В заповеднике джейран отнюдь не избегает пойменных лесов. Сюда он ходит прежде всего на водопой, ибо все пресные озера расположены среди тугаев. Вдобавок он еще и кормится здесь, чувствуя себя в сравнительно большей безопасности, чем в песках.
В жаркие майские дни в укромных уголках пустыни, где-нибудь под крутыми склонами оврагов и лощин, у самок появляются на свет маленькие джейранята. Мне, к сожалению, не пришлось видеть новорожденных ни разу.
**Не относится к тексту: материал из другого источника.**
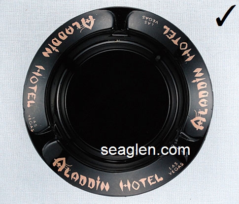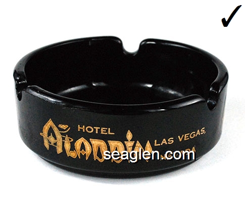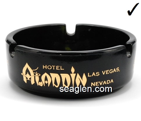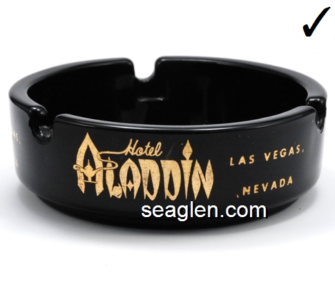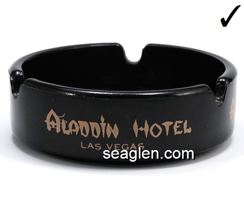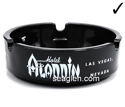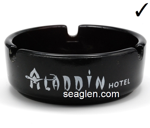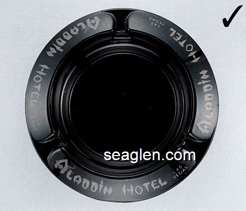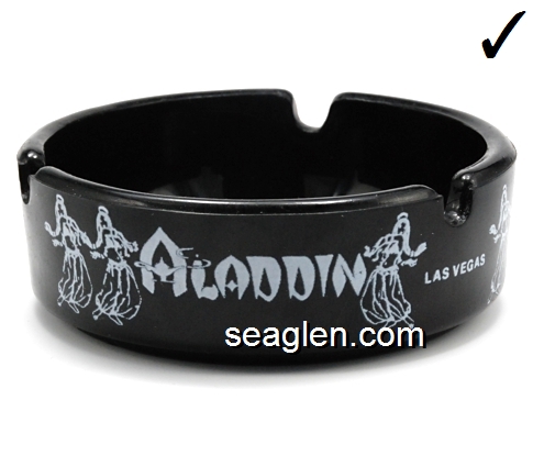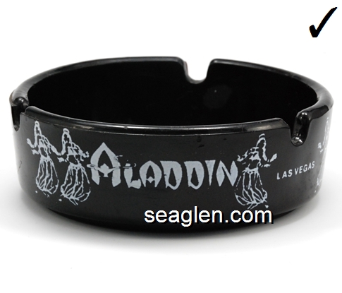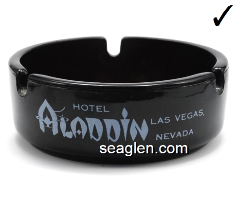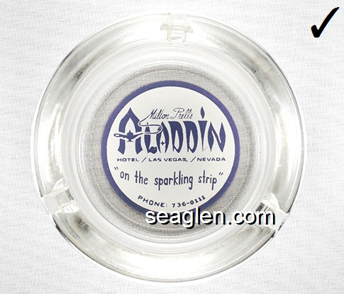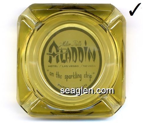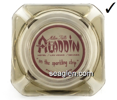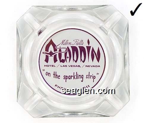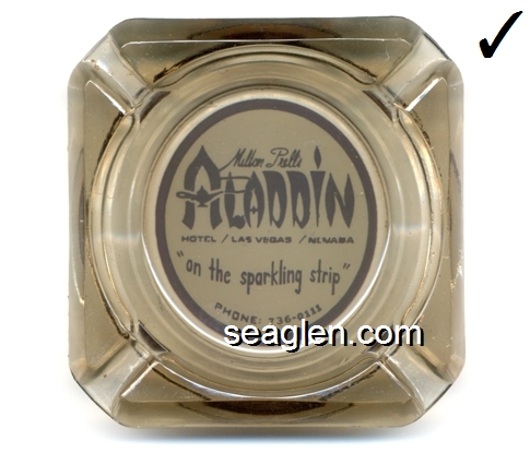 ALA-02 Aladdin Hotel-Casino Las Vegas, NV 3 1/2" Smoke Glass Ashtray Black on white imprint: Milton Prell's Aladdin Hotel / Las Vegas / Nevada ''on the sparkling strip'' Phone: 736-0111 |

Но как-то, поднимаясь по одной из расщелин скалистого холма, я вспугнул самку. До этого она лежала в выбитой копытами ямке на крутом склоне под кустом саксаула. Самка была на последней стадии беременности и бежала с большим трудом. До сих пор так близко мне видеть джейрана не приходилось.
Весной 1959 года, закончив свою работу в заповеднике, я должен был уезжать. Все уже уложили в машину, и завтра на рассвете мы трогались в путь. В этот вечер я бродил в последний раз по ставшим мне такими близкими звериным тропам, выходил на полянки, озера и прогалины, навещал особенно памятные для меня места — словом, прощался с тугаями, где незаметно пролетело три года. Под конец я вышел на окраину зарослей и тронулся по песчаному плато среди кустов солянок. Мне хотелось посмотреть на гнездо скотоцерки — маленькой кустарниковой птички. Солнце садилось. Холмы Песчаного Перевала окрасились розовым светом. Я стал кольцевать птенцов. В это время со склона холма спустились на плато три джейрана. Меня они, к счастью, заметили и начали преспокойно пастись, время от времени оглядывая местность. Их серая с белым окраска менялась от розовой и ярко-коричневой до нежно-желтой в переливающихся красках заката. Для прощального вечера это было отрадное зрелище. Тут я впервые почувствовал, что все эти беспокойные ночи, проведенные в дозорах и патрулях, жестокая борьба с преступниками-браконьерами не прошли даром. И когда наутро наша машина, подпрыгивая на ухабах, шла ‘ через Песчаный Перевал, я смотрел на пески с робкой надеждой, что скоро здесь опять появятся табунки быстрых обаятельных антилоп.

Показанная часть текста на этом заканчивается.